**WHAT THIS TASK INVOLVES:**
The result should be an exact copy of the data, free of pictures.

**RAW DATA:**
• • • • • • •

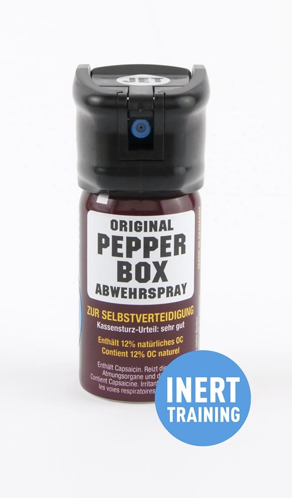 Pfefferspray Pepper-Box klein mit Flip Top für Training mit Flüssigstrahl
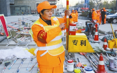 环卫工展示自己的发明专利。CFP供图
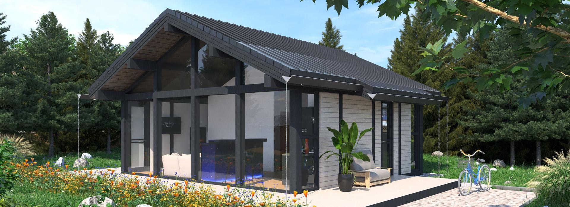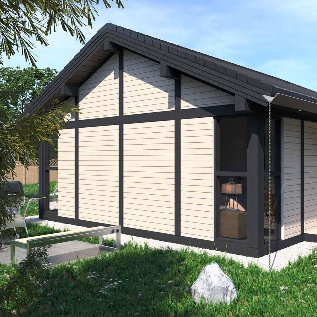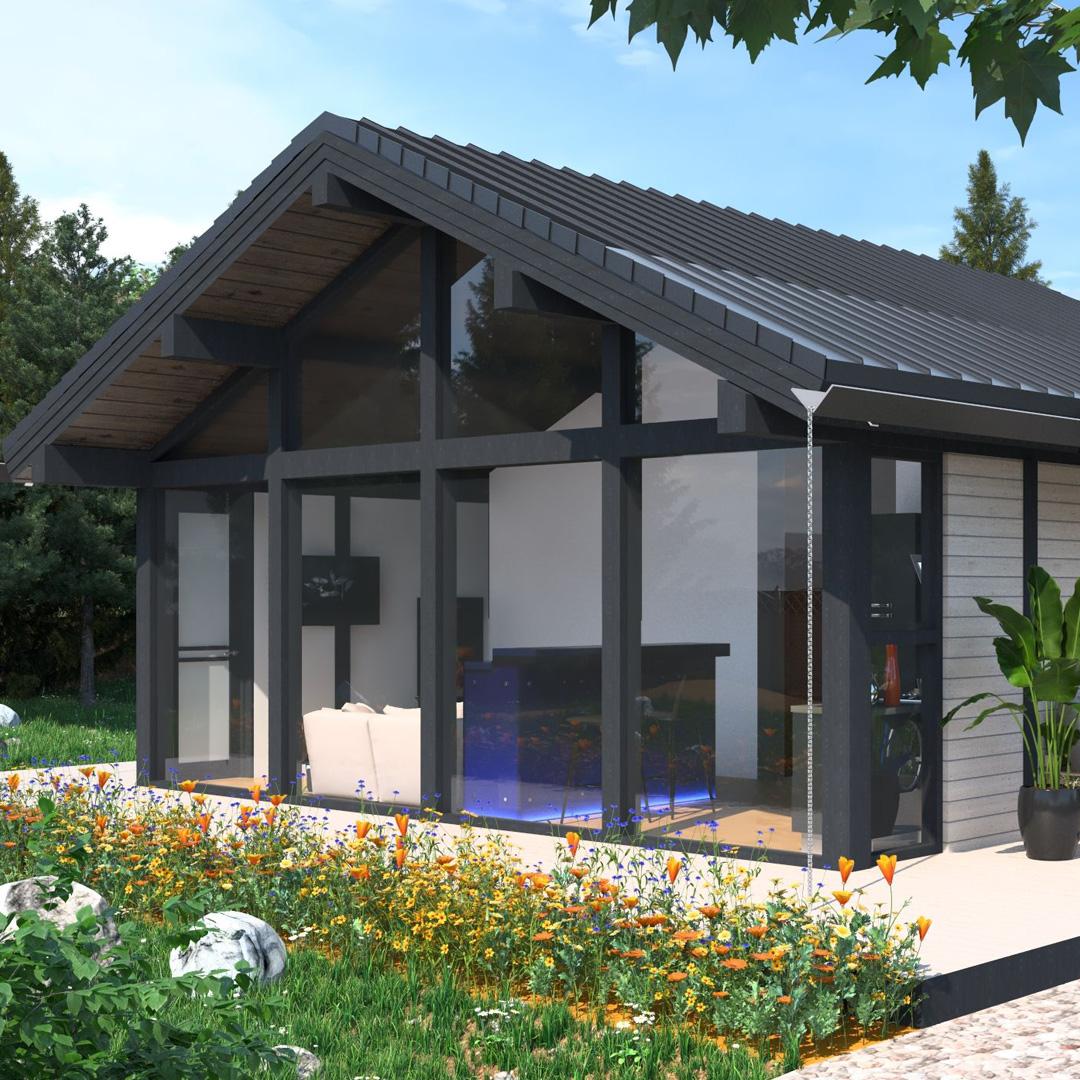 - Завдяки конфігурації покрівлі, яка нависає над панорамним склінням та передньою терасою, виходить відчутна тінь влітку в будинку, а також захист садових меблів у дощові дні на терасі, що додає затишку та зручності користування.
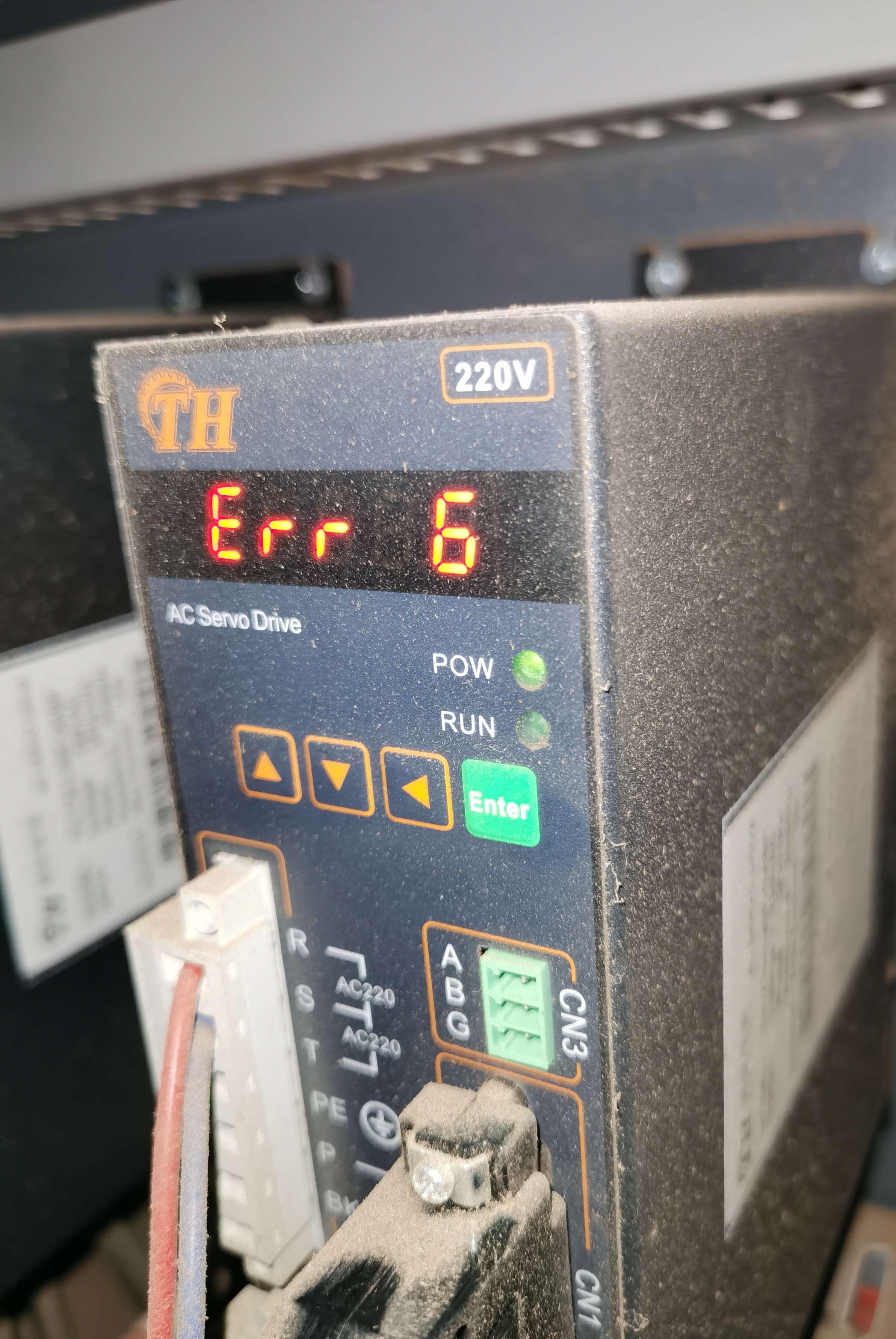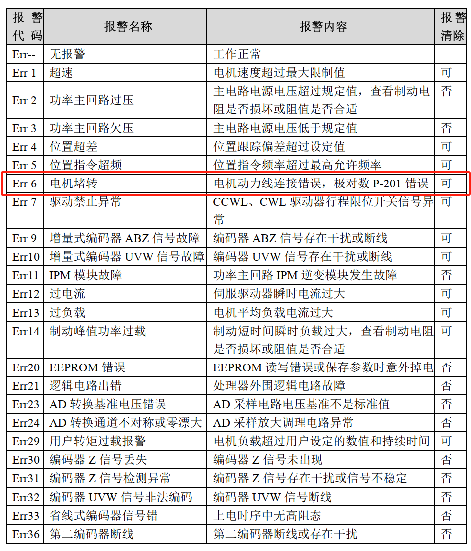 你这个驱动器具体哪个型号的,我找到个tx3系列的驱动器的说明书,通航的,err6是堵转了,还有检查电机线路

• • • • • • •

**EXERCISE RESULT:**
 Pfefferspray Pepper-Box klein mit Flip Top für Training mit Flüssigstrahl
 环卫工展示自己的发明专利。CFP供图
 - Завдяки конфігурації покрівлі, яка нависає над панорамним склінням та передньою терасою, виходить відчутна тінь влітку в будинку, а також захист садових меблів у дощові дні на терасі, що додає затишку та зручності користування.
 你这个驱动器具体哪个型号的,我找到个tx3系列的驱动器的说明书,通航的,err6是堵转了,还有检查电机线路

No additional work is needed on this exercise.